Por Felipe Bianchi
As conquistas do Marco Civil da Internet e os desafios de sua regulamentação foram tema de discussão neste sábado (25), no II Encontro de Blogueiros e Ativistas Digitais de São Paulo. Renata Mielli, do Centro de Estudos da Mídia Alternativa Barão de Itararé; Veridiana Alimonti, do Coletivo Intervozes; e Ronaldo Mota, do blog Desenrola e Não Me Enrola compuseram a mesa, mediada por Eduardo Guimarães (Blog da Cidadania).
Considerada uma das legislações mais avançadas do mundo para o campo da Internet, a lei sancionada há praticamente um ano está em processo de regulamentação, que poderá garantir ou colocar em risco os direitos à liberdade de expressão e à privacidade. “O debate sobre o Marco Civil não é um debate técnico, como colocam os meios de comunicação”, defende Renata Mielli. “Esse é o expediente das elites para interditar debates públicos”.
Para ela, jornalistas e comunicadores se envolvem menos do que deveriam nessa discussão. “Nós, que atuamos em rede, precisamos estar inseridos nesse processo. A Internet é que permite estarmos aqui, reunidos num Encontro de Blogueiros e Ativistas Digitais, e que nos permitiu ter dado saltos quanto à pluralidade informativa, furando o bloqueio da mídia tradicional”.

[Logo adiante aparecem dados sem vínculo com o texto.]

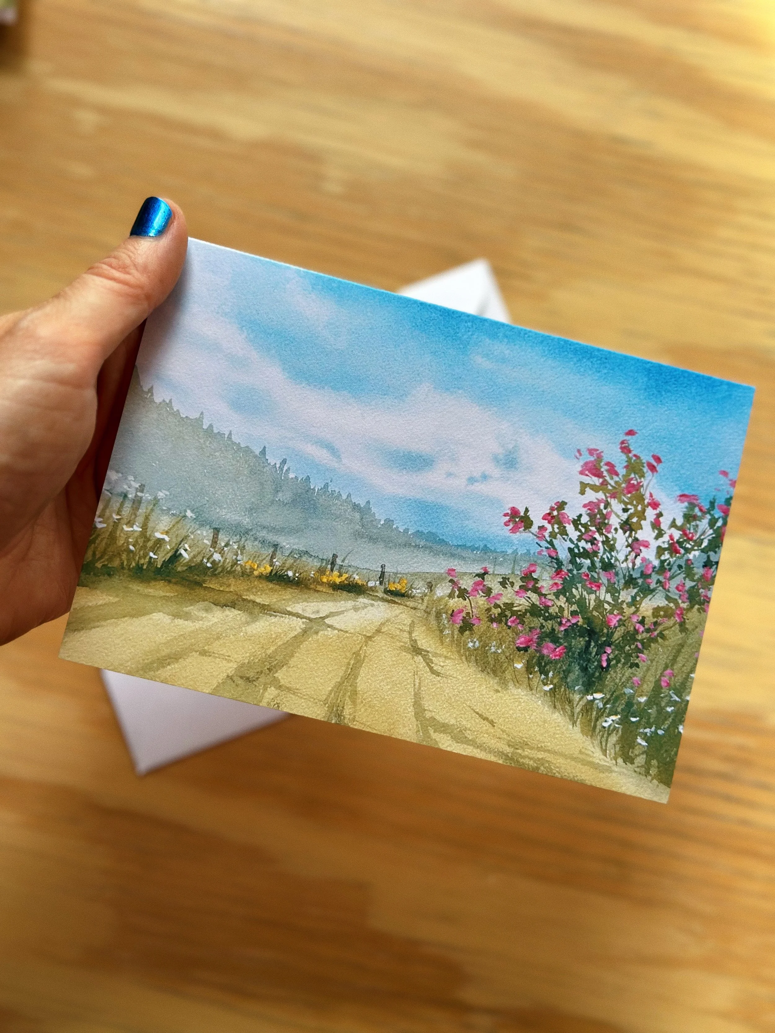 Card dimensions are 4”x6”, blank on the inside, and comes with a plain, white envelope.
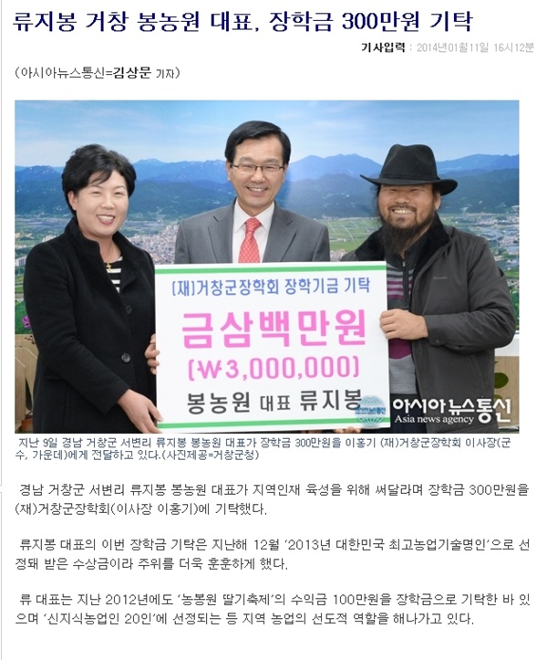 상금은 거창군 장학금으로 기부하였습니다.

A condição democrática, segundo a jornalista, é o que esteve em disputa no Marco Civil da Internet. “Houve uma ampla discussão sobre os direitos e deveres na Internet, mas não para criminalizar as pessoas, pois para isso há o Código Penal. A discussão tem que ser para garantir direitos”, diz. “Há setores econômicos muito poderosos no Brasil e no mundo interessados em cercear a rede, com a finalidade de assegurar mais lucros para seus negócios”.
A principal conquista da lei é o fato de colocar, de maneira clara, que a Internet é um direito de todos, avalia Mielli. Ao colocar o acesso à Internet como serviço essencial, a lei coloca o Estado como protagonista no combate ao déficit de acesso à banda larga no país.
O espírito da Internet
O revolucionário da Internet, de acordo com Veridiana Alimonti, é permitir que uma pessoa, em qualquer lugar do mundo, se comunicar com outra, em qualquer lugar do mundo, dependendo apenas da conexão, sem intermediários como os meios de comunicação tradicionais. Apesar disso, no ambiente digital, há outros intermediários em ação.
“Plataformas hegemônicas moldam o discurso de uma outra forma. São empresas como o Google, o Facebook e o YouTube”, diz. “Outra forma de controlar o acesso e o fluxo de conteúdo não depende só de sites e plataformas online, mas das próprias empresas de telecomunicações”.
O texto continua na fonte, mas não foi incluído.